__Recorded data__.

▼

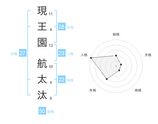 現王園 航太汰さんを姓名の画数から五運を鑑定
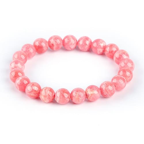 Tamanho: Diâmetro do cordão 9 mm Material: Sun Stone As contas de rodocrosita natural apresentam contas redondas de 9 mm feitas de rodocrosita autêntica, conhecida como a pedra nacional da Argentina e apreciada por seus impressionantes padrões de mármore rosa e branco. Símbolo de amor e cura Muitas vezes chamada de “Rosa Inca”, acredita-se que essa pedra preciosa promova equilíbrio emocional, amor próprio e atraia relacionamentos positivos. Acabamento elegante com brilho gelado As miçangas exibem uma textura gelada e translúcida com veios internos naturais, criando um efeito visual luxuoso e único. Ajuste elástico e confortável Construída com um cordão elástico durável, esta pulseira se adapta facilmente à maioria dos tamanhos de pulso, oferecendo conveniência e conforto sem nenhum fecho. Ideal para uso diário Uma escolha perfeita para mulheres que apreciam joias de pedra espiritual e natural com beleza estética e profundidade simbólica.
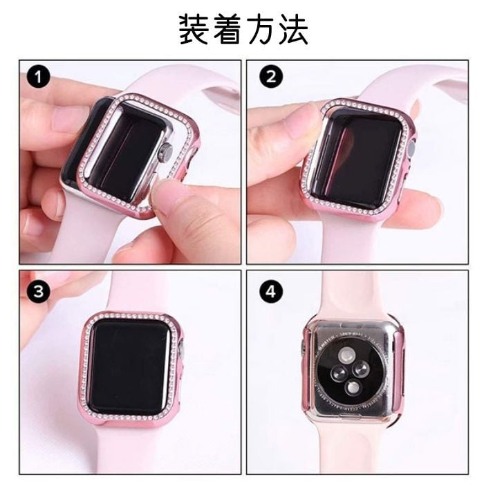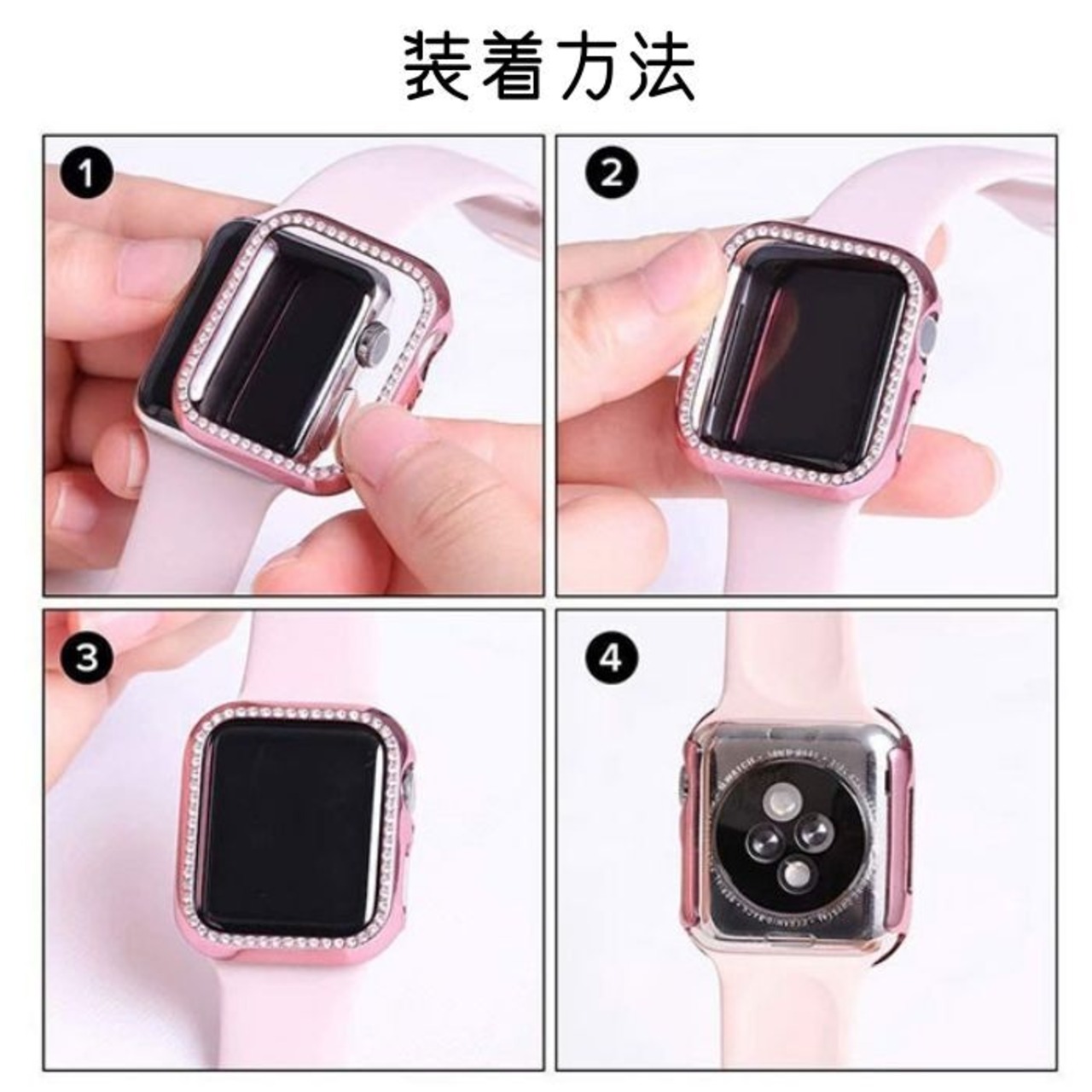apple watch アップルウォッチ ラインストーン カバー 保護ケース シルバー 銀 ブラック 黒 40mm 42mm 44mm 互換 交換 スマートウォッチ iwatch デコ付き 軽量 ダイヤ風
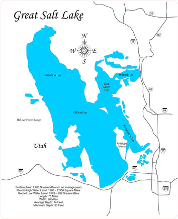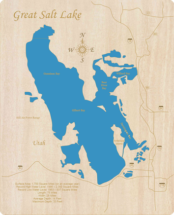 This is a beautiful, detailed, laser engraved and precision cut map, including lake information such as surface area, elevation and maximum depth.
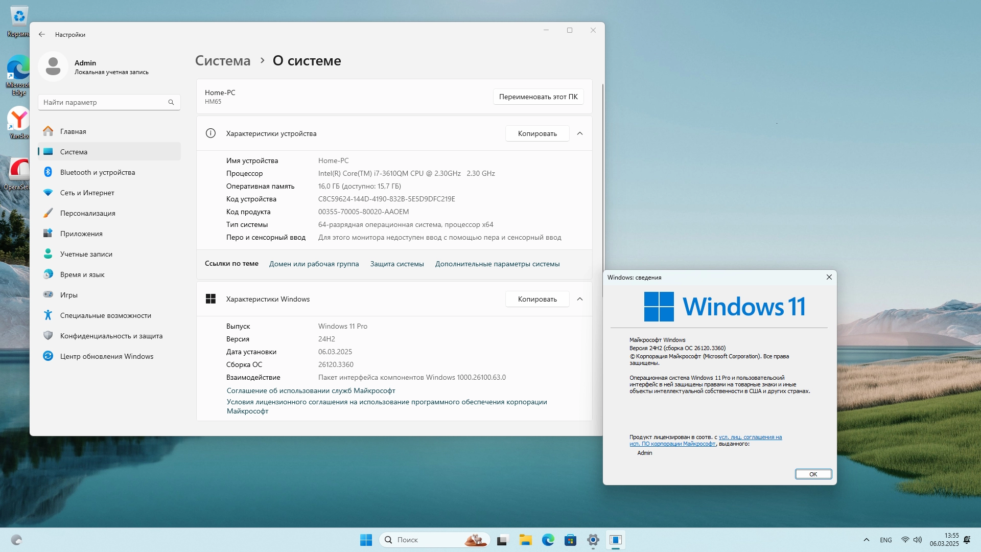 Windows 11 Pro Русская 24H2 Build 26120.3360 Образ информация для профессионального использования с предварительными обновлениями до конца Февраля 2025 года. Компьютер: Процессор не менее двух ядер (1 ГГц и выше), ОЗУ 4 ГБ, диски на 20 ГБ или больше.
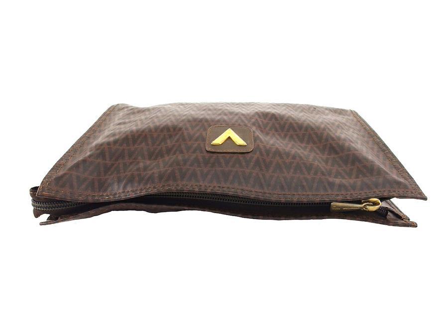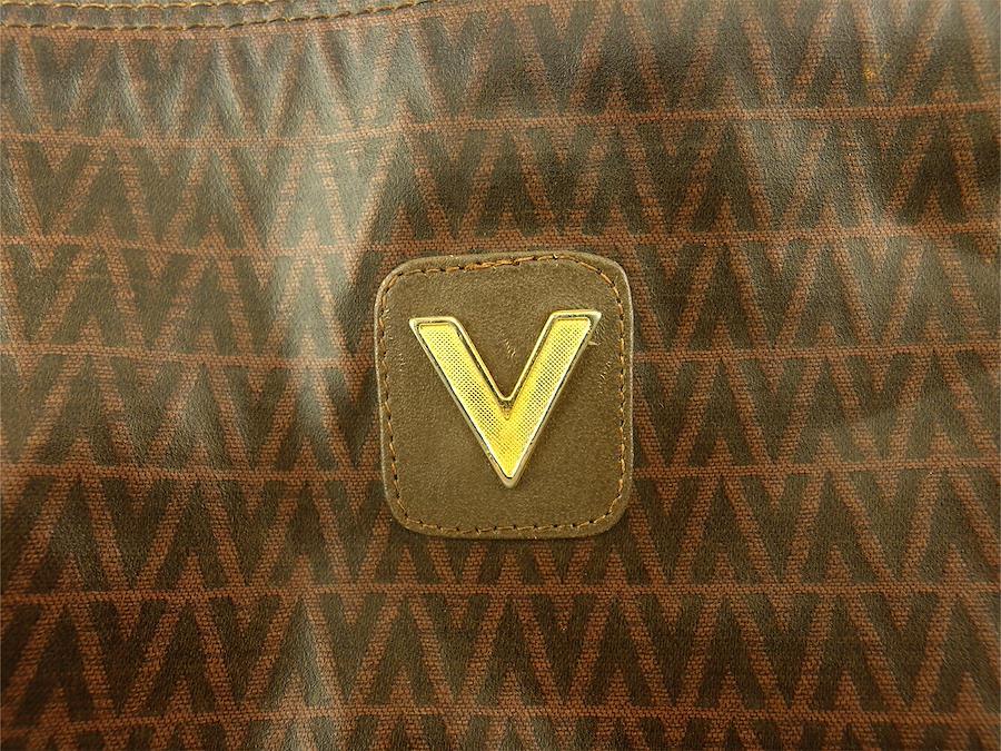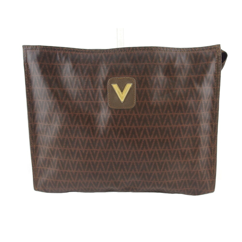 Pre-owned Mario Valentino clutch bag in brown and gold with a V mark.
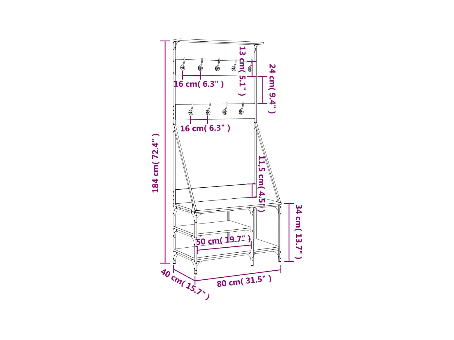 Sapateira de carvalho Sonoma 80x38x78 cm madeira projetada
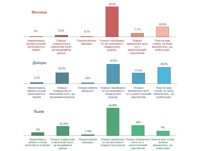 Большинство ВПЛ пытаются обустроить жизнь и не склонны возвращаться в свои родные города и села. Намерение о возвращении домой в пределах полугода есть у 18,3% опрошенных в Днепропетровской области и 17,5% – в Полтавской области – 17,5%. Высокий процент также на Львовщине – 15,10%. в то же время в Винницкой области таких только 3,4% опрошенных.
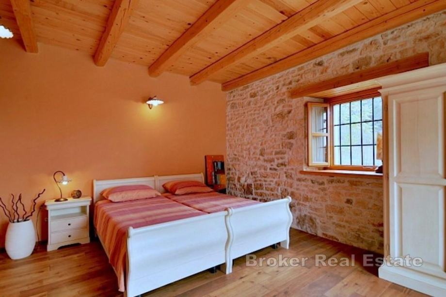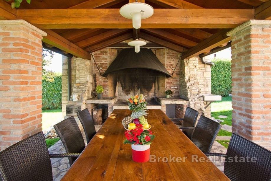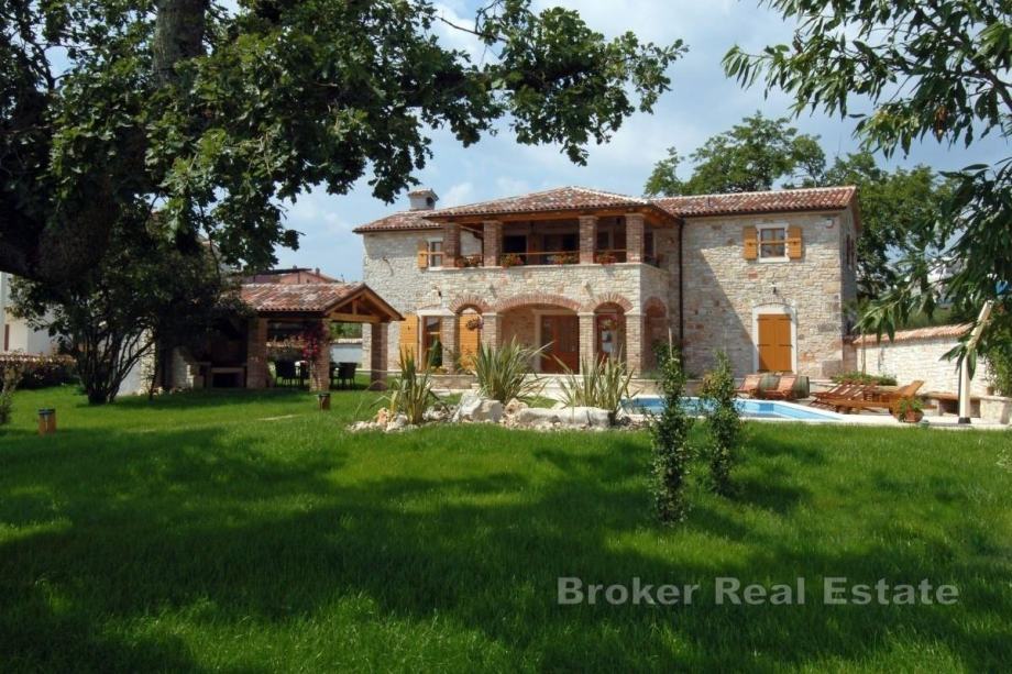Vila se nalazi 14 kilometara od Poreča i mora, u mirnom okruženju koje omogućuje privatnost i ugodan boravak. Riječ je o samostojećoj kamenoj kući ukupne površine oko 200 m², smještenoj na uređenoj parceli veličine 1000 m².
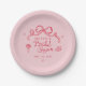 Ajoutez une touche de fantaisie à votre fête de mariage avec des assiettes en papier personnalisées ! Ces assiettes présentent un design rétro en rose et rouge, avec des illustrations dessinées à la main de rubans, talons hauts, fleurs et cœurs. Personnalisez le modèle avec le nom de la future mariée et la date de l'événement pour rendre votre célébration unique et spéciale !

▲

__Problem to solve__. An exact restatement of the lines from the one holding "Vila se nalazi" through the end of the entries, both ends included, is the whole answer. Pictures stay out.

__Answer to the exercise__.
Vila se nalazi 14 kilometara od Poreča i mora, u mirnom okruženju koje omogućuje privatnost i ugodan boravak. Riječ je o samostojećoj kamenoj kući ukupne površine oko 200 m², smještenoj na uređenoj parceli veličine 1000 m².
 Ajoutez une touche de fantaisie à votre fête de mariage avec des assiettes en papier personnalisées ! Ces assiettes présentent un design rétro en rose et rouge, avec des illustrations dessinées à la main de rubans, talons hauts, fleurs et cœurs. Personnalisez le modèle avec le nom de la future mariée et la date de l'événement pour rendre votre célébration unique et spéciale !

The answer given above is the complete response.